The Fresh Loaf

A Community of Amateur Bakers and Artisan Bread Enthusiasts.

Reconstituted Whole Wheat Flour

nomolosca's picture
nomolosca

Reconstituted Whole Wheat Flour

After having done some research, I've recently learned that a lot of the whole wheat flours that are sold in grocery stores are actually reconstituted from already-separated bran, germ, and endosperm. I have a couple questions, and I'm hoping that some of the wonderful people here might have answers.

1. Is there a specific benefit to baking with whole wheat flour that goes straight from the mill to the bag vs. baking with reconstituted whole wheat flour?

2. Do we know which commonly-available whole wheat flours are mill-to-bag vs. reconstituted (i.e. Gold Medal, King Arthur, Bob's Red Mill, Hodgson Mill)?

3. Is this also the case with other whole grain flours like rye or spelt?

 

Thanks, everyone.

dabrownman's picture
dabrownman

is that the flour made from it was totally different than any whole grain flour I had ever bought.  The stuff that was sold as 'whole grain was missing much of the good stuff that made my home milled flour fantastic in comparison.  i don't know which ones are supposed to contain everything but I never found one mass produced that did. 

suave's picture
suave

What "good stuff" was it it missing?  According to Code of Federal Regulations Title 21 section 137.200 " Whole wheat flour ... is the food prepared by so grinding cleaned wheat.... The proportions of the natural constituents of such wheat, other than moisture, remain unaltered."  I mean if the Big Food is lying to us and violating the law we must take action.

suave's picture
suave

You need to understand how the flour is made.  The process they use is called gradual reduction and it's just that - gradual reduction of grain into progressively smaller particles.  So you strip outer layers, separate them, separate the germ, crack the endospem, sift, crack again, sift, grind the middlings, sift and so on and so forth.  In the end you can be left with 20-30 streams that can be combined based on their characteristics to give any number of flours with desired properties.  When you put everything back together you get whole wheat.

I should note that this technology was invented and used centuries before the advent of modern roller milling.   Stone mills used the same approach, except for some very low tech peasant mills. 

Our Crumb's picture
Our Crumb

That's what the kind of WW flours you're looking for is called. One Degree Organic's sprouted wheat flour is whole milled.
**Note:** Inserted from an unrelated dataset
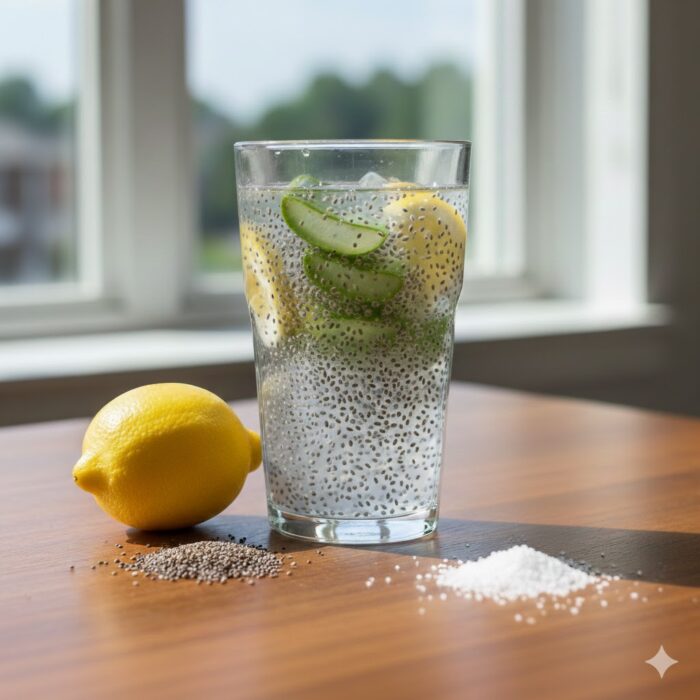 Combine: Add water, chia seeds, lemon, and aloe vera juice to a tall glass.

I'm sure there are others. Bob's Red Mill perhaps?

Mill your own if you can.  Nothing like it. 

Tom

exbaker's picture
exbaker

I think freshness is the ingredient thats missing.  I have wheat berries and flour from a local mill.  When I grind my own flour it is very different from the same purchased flour that is older.  Freshness of the germ oils results in an unbeatable flavour that changes  rapidly with age.